Je sais, ce n’est pas tout récent, mais je suis retombée dessus et j’apprécie toujours autant….car Bertrand GAUTHEROT est un personnage atypique qu’on ne se lasse pas d’écouter. Il évoque la Champagne et le Champagne comme personne. Parce qu’il parle de ce qu’il voit, de ce qu’il constate, il fait part de ses expériences et de ses observations, sans pour autant critiquer la manière de faire de son voisin.
En ré-écoutant son intervention dans ‘On ne parle pas la bouche pleine‘ sur France Culture en 2016, je me suis dit que c’était toujours un grand plaisir de l’entendre s’exprimer sur son travail et ses terres, et que son discours est aussi cristallin que ses champagnes, qu’il est le reflet de nombreuses années d’observation, d’expérimentation et de satisfaction ; comme beaucoup d’artisans vignerons, son champagne, il le boit avec ravissement, et ça, c’est beau ! Il explique d’ailleurs avec grande précision les sensations physiques que son vin lui procure : c’est sa récompense du soir après une longue journée de labeur, car il veut produire un champagne qui ait une âme et pas seulement un nom.

C’est la raison pour laquelle sa marque est d’ailleurs totalement anonyme : ses champagnes ne portent ni le nom de son domaine ni celui de sa famille, ils portent le nom des parcelles qu’il travaille et qui lui permettent de produire ces bulles merveilleuses. Il rend hommage à la terre nourricière et son sol de calcaire dur datant du kimméridgien.

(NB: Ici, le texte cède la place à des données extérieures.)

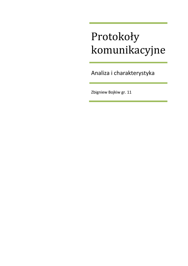 Protokoły komunikacyjne Analiza i charakterystyka Zbigniew Bojkiw gr. 11 Zawartość Wprowadzenie ........................................................................................................................................ 3 Charakterystyka wybranych protokołów komunikacyjnych ................................................................... 3 Protokół ARP........................................................................................................................................ 3 Warstwa TPC/IP ............................................................................................................................... 3 Zastosowanie ................................................................................................................................... 3 Protokół ICMP ..................................................................................................................................... 3 Warstwa TPC/IP ............................................................................................................................... 3 Zastosowanie ................................................................................................................................... 4 Protokół DNS ....................................................................................................................................... 4 Zastosowanie ................................................................................................................................... 4 Protokół FTP ........................................................................................................................................ 4 Warstwa TPC/IP ............................................................................................................................... 4 Zastosowanie ................................................................................................................................... 4 Odnajdywanie adresu MAC bramy sieciowej za pomocą protokołu ARP ............................................... 4 Log przechwyconych pakietów........................................................................................................ 4 Opis poszczególnych pozycji logu .................................................................................................... 4 Ping .......................................................................................................................................................... 5 Ping do stacji z tej samej podsieci ....................................................................................................... 5 Logi przechwyconych pakietów....................................................................................................... 5 Opis poszczególnych pozycji logu .................................................................................................... 5 Ping dla stacji z innej podsieci przy użyciu adresu domenowego ...................................................... 6 Logi przechwyconych pakietów....................................................................................................... 6 Opis poszczególnych pozycji logu .................................................................................................... 6 FTP ........................................................................................................................................................... 7 Logowanie do serwera FTP przy użyciu adresu domenowego............................................................ 7 Logi przechwyconych pakietów....................................................................................................... 7 Opis poszczególnych pozycji logu .................................................................................................... 8 Przesyłanie pliku na serwer ............................................................................................................... 12 Logi przechwyconych pakietów..................................................................................................... 12 Opis poszczególnych pozycji logu .................................................................................................. 13 Wnioski .................................................................................................................................................. 17 str. 2 Wprowadzenie Praca ta ma na celu charakterystykę i analizę działania wybranych protokołów komunikacyjnych. Aby osiągnąd cel autor pracy analizuje protokoły za pomocą analizatora sieciowego Wireshark umożliwiającego dokładną analizę przesyłanych danych w podsieci, do której jest podłączony komputer. W kolejnych rozdziałach pracy znajduje się charakterystyka wybranych protokołów sieciowych oraz przykłady zastosowania tych protokołów będące podstawą do analizy ich działania. Każdy z przykładów posiada własny log z programu Wireshark pokazujący ruch pakietów sieciowych w obrębie danej operacji. Wszystkie przykłady wykonane zostały w lokalnej sieci domowej składającej się z kilku komputerów połączonych do sieci Internet za pomocą routera posiadającego publiczny, zmienny adres IP Uwaga: Dane takie jak adresy fizyczne MAC, nazwy użytkowników, hasła oraz inne dane, których autor nie chce lub nie może ujawniad, zostały odpowiednio ocenzurowane. Charakterystyka wybranych protokołów komunikacyjnych W niniejszej pracy wykorzystano 4 protokoły internetowe, które są powszechnie wykorzystywane przy komunikacji pomiędzy urządzeniami w sieci i przedstawiono ich działanie na przykładzie kilku, często wykonywanych operacji. Wykorzystane protokoły to: 1. 2. 3. 4. ARP (ang. Address Resolution Protocol). ICMP (ang. Internet Control Message Protocol). DNS (ang. Domain Name System) FTP (ang. File Transfer Protocol) Protokół ARP Warstwa TPC/IP ARP je

Je recommande d’ailleurs à ceux qui souhaitent mieux connaître ce vigneron de ré-écouter le podcast de l’émission, disponible ici : j’ai beaucoup aimé le passage où il explique la différence entre un sol calcaire très dur et géologiquement âgé comme celui de son vignoble (et qui est le même que celui de Chablis), et un sol géologiquement plus jeune et donc plus souple : ces derniers sont en effet épais, le temps n’a pas fait encore son travail de tassement, ils ne sont donc pas encore assez compacts pour pouvoir se fragmenter et laisser infuser l’eau par les fissures ; la vigne va s’y nourrir en surface, car l’eau remonte par capillarité en drainant avec elle les minéraux qu’elle a arraché à la roche sous-jacente lors de son passage, comme c’est le cas pour les sols crayeux de la célèbre Côte des Blancs qui confèrent au champagne un toucher plus crémeux.
Les sols calcaires du kimméridgien qui composent le vignoble de Vouette & Sorbée sont, au contraire, des roches très dures dans lesquelles les vignes vont donc spontanément développer un système racinaire vertical pour puiser en profondeur l’eau dont elles ont besoin. La roche agit comme un «filtre à café», pour reprendre avec exactitude les termes de Bertrand GAUTHEROT, car en s’écoulant très lentement, l’eau va dissoudre les carbonates de calcium de la roche calcaire que la vigne va absorber et restituer au raisin ; les vins qui en sont issus sont alors, je cite, «angulaires et salivants».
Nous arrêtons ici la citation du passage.